JAKARTA — Wacana pemilihan kepala daerah melalui DPRD mendapat penolakan luas dari publik. Hasil survei nasional Lembaga Survei Indonesia (LSI) menunjukkan mayoritas responden tidak setuju dengan skema pilkada tidak langsung tersebut.
Peneliti LSI Ardian Sopa mengungkapkan, sebanyak 66,1 persen responden menyatakan kurang setuju hingga tidak setuju sama sekali terhadap pilkada yang dipilih DPRD. Sementara itu, 28,6 persen menyatakan setuju dan 5,3 persen tidak memberikan jawaban.
Menurut Ardian, angka penolakan tersebut tidak bisa dianggap ringan.
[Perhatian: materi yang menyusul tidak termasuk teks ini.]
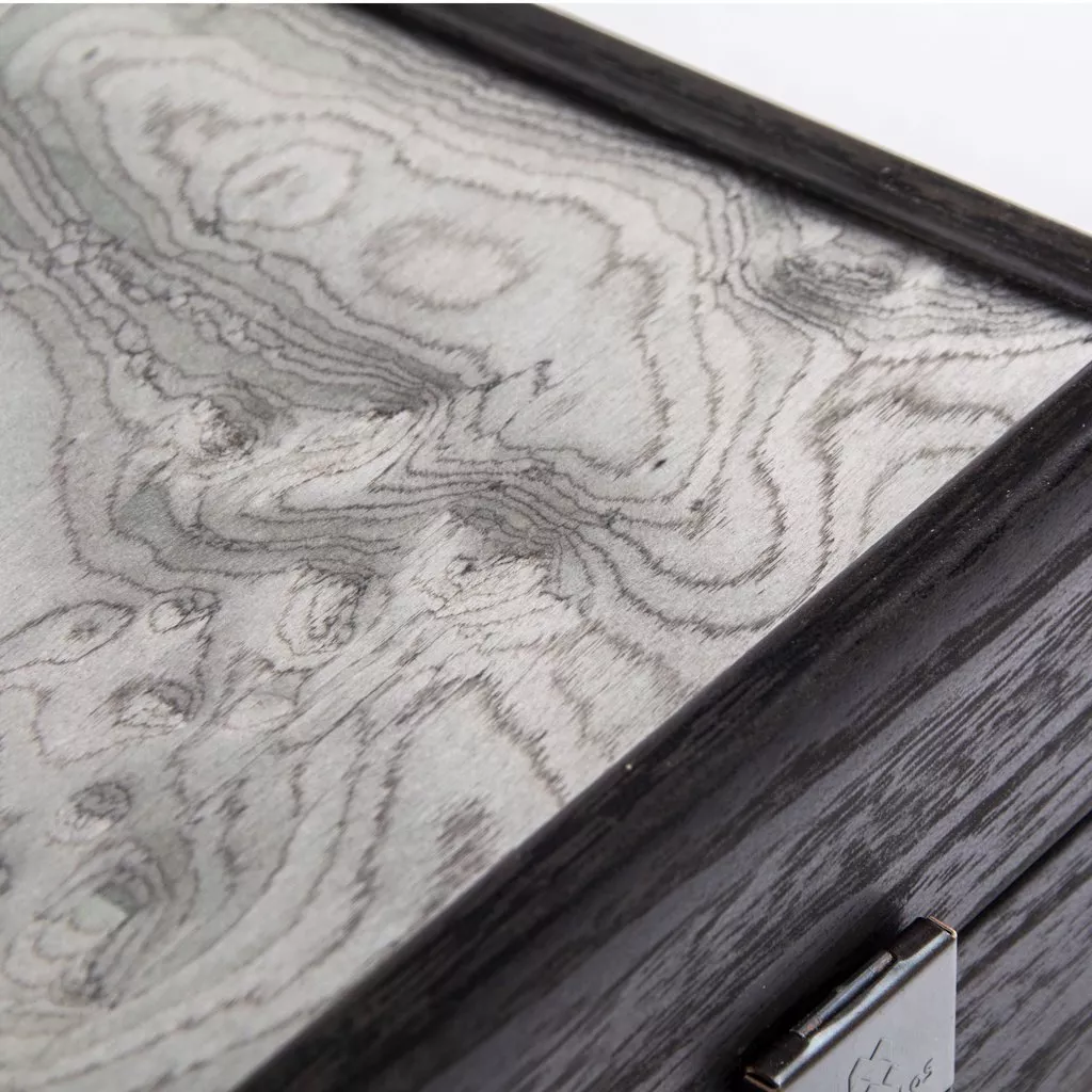 Vavona Burl veneer is sliced from huge, prolific burl growths found on occasional redwoods, producing some of the largest and most uniform burled veneer in the world. The grey coloring of the wood can be caused by natural weathering. Our innovative technique mimics the lengthy ageing process of wood to yield pearly grey. The playing field is a combination of black Oak with light grey & grey points.

Dalam kajian opini publik, tingkat resistensi yang menembus 60 persen menandakan dampak politik yang besar dan berpotensi memengaruhi arah kebijakan.
“Kalau sudah melewati angka 60 persen, itu artinya efek politiknya besar. Dan 66,1 persen ini sangat signifikan,” ujar Ardian saat memaparkan hasil survei di Kantor LSI Denny JA, Jakarta Timur, Rabu (7/1/2025).
Penolakan paling kuat datang dari Generasi Z. Responden berusia di bawah 27 tahun tercatat menolak pilkada oleh DPRD hingga 84 persen. Ardian menyebut temuan ini menunjukkan generasi muda menjadi kelompok paling vokal menentang perubahan mekanisme pilkada.
Selain Gen Z, tingkat penolakan juga tinggi di kelompok usia lainnya. Kalangan milenial usia 28–43 tahun menolak sebesar 71,4 persen, Generasi X 60 persen, dan baby boomer 63 persen.
“Mayoritas penolakan ini terjadi di semua generasi, bukan hanya satu kelompok usia,” jelas Ardian.
Dari sisi gender, hasil survei menunjukkan pola penolakan yang relatif seimbang. Sebanyak 65,8 persen responden laki-laki dan 66,4 persen responden perempuan menyatakan tidak setuju pilkada oleh DPRD. Ardian menilai temuan ini menegaskan isu tersebut bukan persoalan sektoral berbasis gender.
Penolakan juga merata berdasarkan wilayah tempat tinggal. Baik masyarakat perkotaan maupun pedesaan sama-sama menunjukkan resistensi mayoritas terhadap pilkada tidak langsung. Menurut Ardian, isu ini tidak hanya berkembang di kota-kota besar, tetapi juga menguat di desa.
Jika ditinjau dari latar belakang agama, responden Muslim yang menolak pilkada DPRD mencapai 68,4 persen, sedangkan responden non-Muslim sebesar 53,5 persen. Ardian menilai data ini menunjukkan penolakan lintas identitas keagamaan.
Dari sisi ekonomi, seluruh kelompok pendapatan tercatat menolak. Responden berpenghasilan di bawah Rp2 juta menolak sebesar 64,9 persen, kelompok Rp2–4 juta sebesar 65,9 persen, dan kelompok berpenghasilan di atas Rp4 juta bahkan mencapai 70 persen.
“Ini menunjukkan penolakan yang benar-benar sistemik,” kata Ardian.
Berdasarkan tingkat pendidikan, penolakan tertinggi justru datang dari responden berpendidikan SD ke bawah sebesar 73,5 persen. Penolakan juga muncul pada lulusan SMP 52,4 persen, SMA 71,1 persen, serta pendidikan diploma dan sarjana ke atas sebesar 61 persen.
Survei ini melibatkan 1.200 responden yang dipilih secara nasional dan dianggap representatif untuk menggambarkan sekitar 208 juta pemilih di Indonesia. Pengumpulan data dilakukan melalui wawancara tatap muka pada 10–19 Oktober 2025 dengan margin of error 2,9 persen.
Selain pendekatan kuantitatif, LSI juga melengkapi riset dengan kajian kualitatif untuk memperdalam analisis dan merumuskan rekomendasi kebijakan. Ardian menegaskan, secara keseluruhan hasil survei menunjukkan penolakan terhadap pilkada oleh DPRD bersifat luas dan lintas segmen masyarakat. (MK/SB)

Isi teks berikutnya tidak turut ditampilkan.